I know the iphone gives you warning when it's too hot and it's about shut down, never had that for cold weather. The apple dealer guy did say the cold was fine for the battery (forgetting it in the car overnight in the winter), but he didn't say anything about the actual iphone's operation.


----------



## kaitlynbowles (Sep 30, 2013)

No, mine isn't jail broke.
_Posted via Mobile Device_


----------



## jamesqf (Oct 5, 2009)

Keep it next to your skin except when you're actually using it. Cold won't hurt most batteries, but it does reduce the amount of power they put out - basic chemistry: everything goes slower in the cold.


----------



## AQHA13 (Apr 19, 2017)

Mine does this all the time! At first I thought my phone was going kaput but after some looking on the internet I found that other people have the same issue. If the temp is mildly cold keeping it in my pocket will work. But on days where its well below freezing the only thing that works for me is to stick it in my bra, right against my body. This keeps it warm enough that I can pull it out and snap some pictures before it gets cold enough to turn off.


----------



## Roux (Aug 23, 2013)

I live where it gets really hot and have had it shut down due to hot temps but I haven't run into cold temps being an issue yet. 

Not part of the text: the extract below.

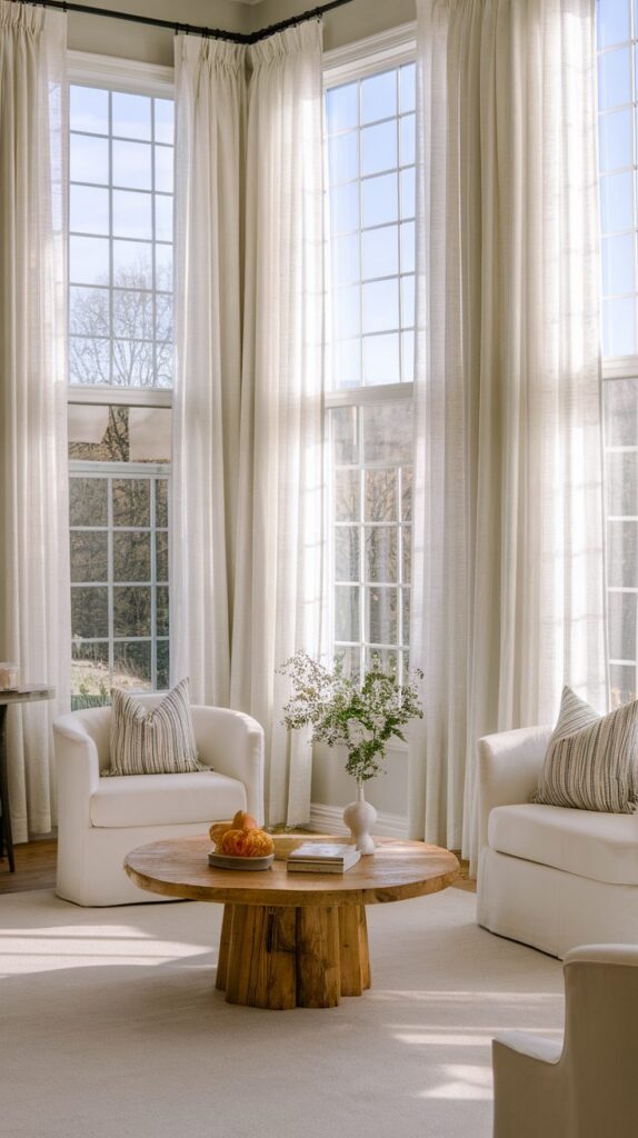Replacing heavy treatments with lighter fabrics allows more natural light to enter. Hanging curtain rods slightly higher creates the illusion of taller ceilings. These small adjustments make rooms feel open and refreshed.
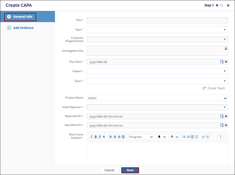 - On the Create CAPA form, fill in the mandatory details within Step 1: General Info and

Sorry though, thats a drag!


----------



## evilamc (Sep 22, 2011)

Ha yeah. I'll just try using my inside coat pocket maybe. My bf's Samsung never dies in cold, take my phone out and it does  I may get battery checked still though. Ugh apple stores so far away lol!
_Posted via Mobile Device_


----------



## evilamc (Sep 22, 2011)

Ohhh in the bra is a good idea!!! Lol! Luckily I've been riding alone so no one will think I'm crazy! Ya I searched the internet too and found lots of people have the problem but no ways to help fix it  my iPhone needs a snuggie
_Posted via Mobile Device_


----------



## bkylem (Sep 21, 2013)

waresbear said:


> I know the iphone gives you warning when it's too hot and it's about shut down, never had that for cold weather. The apple dealer guy did say the cold was fine for the battery (forgetting it in the car overnight in the winter), but he didn't say anything about the actual iphone's operation.


Mine has shut down several times especially if I leave it in the car. It just goes black and the apple logo slowly appears as it warms up. 
I do keep it in an inner pocket while I'm out. Partly for warmth and partly for security.


----------



## quinn (Nov 8, 2013)

Maybe you could put it next to one of those "hot hands" things? ...can't think of the actual name...but the little things that you keep in your pocket to keep your hands warm.


----------



## Zexious (Aug 2, 2013)

I have never had issues in the cold with my iPhone, and I have had it out in some /cold/ weather! Had the opposite issue--got the little warning that it was shutting off because it was too hot.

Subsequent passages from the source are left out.